Since $x^{10} + y^{10} = 1$, then $x^{10} = 1-y^{10} \leq 1$, so $x \in [-1,1]$. Similarly, one has $y \in [-1,1]$.
Since $x^9 + y^9=1$, then $y = (1-x^9)^{1/9}$. The equation $x^{10} + y^{10} = 1$ then rewrites as $$x^{10} + (1-x^9)^{10/9} = 1$$
Let $f : [-1,1] \rightarrow \mathbb{R}$ defined by $f(x)=x^{10} + (1-x^9)^{10/9}$. By direct computation, one has $$f'(x)=10x^8(x-(1-x^9)^{1/9}) = 10x^8 g(x)$$
where $g(x)=x-(1-x^9)^{1/9}$. But $g'(x)=x^8(1-x^9)^{-8/9}+1 > 0$, so $g$ is increasing. Since $g(-1)=-1-2^{1/9} < 0$, and $g(1)=1>0$, then there exists $a \in (-1,1)$ such that $g(x) \geq 0 \Longleftrightarrow x \geq a$, i.e. such that $f'(x) \geq 0 \Longleftrightarrow x \geq a$.
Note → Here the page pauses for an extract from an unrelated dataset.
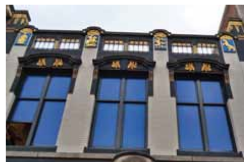
Mijn favoriet: Jugendstil aan de Marktstraat

So $f$ is decreasing over $[-1,a]$ and increasing over $[a,1]$. We deduce that the equation $f(x)=1$ has at most two solutions, and since $x=0$ and $x=1$ are solutions, they are the only ones.
Finally, the system has two real solutions which are $(1,0)$ and $(0,1)$.